The high price of coming to America - wumi
http://davidadewumi.com/2008/04/26/the-high-price-of-coming-to-america/

======
raju
Interesting article. I share the author's sentiments to a large extent. I was
born in India, but moved to Nigeria when I was 4 months old as my dad worked
there. After having spent 15 years there, I moved back to India, for a total
of 7 years, and have already spent more time in the US than in India.

I have no family in the US, and occasionally do think of my family back in
India and wonder if I am doing the right thing. I don't think of it as a
"price" per se, since I don't regret coming to the US, but having led a such a
"nomadic" existence for so long takes its toll. You leave behind social ties,
the comfort of your surroundings, friends...

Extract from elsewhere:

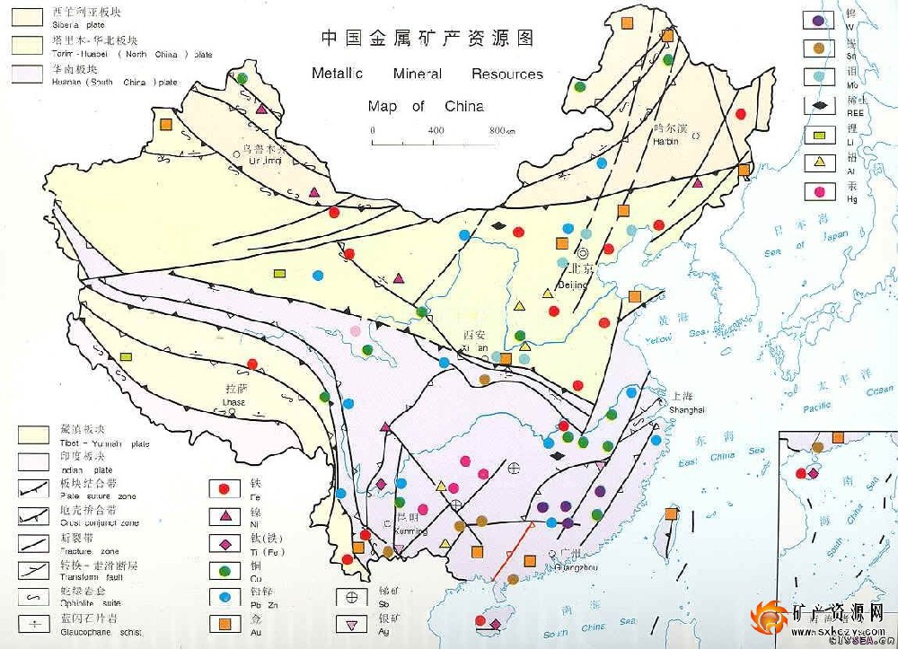 稀土、稀有金屬:主要分布在內蒙古自治區(白云鄂博、801)、山東省(微山)、江西省(贛南、宜春)、廣東省(粵北)、新疆維吾爾自治區(富蘊)等地。

And you start a whole new life everytime you move. Further, I think it changes
you as a person. I have noticed that as I have gotten older (and consequently
the more times I have moved :D) I have chosen to live a slightly more "hermit"
existence. My group of friends has grown smaller and smaller, and I don't mind
it so much. Maybe because in the back of my head I fear that its pointless.

I apologize if I went totally off track, but somehow, this article resonated
with me (at some level)

------
anupamkapoor
what a nice article ! i have had similar experiences (total of 8 years in
barbados + us of a), and when my kid came along it seemed unfair (on my part)
to bereft him of his roots. after some soul searching, we came back...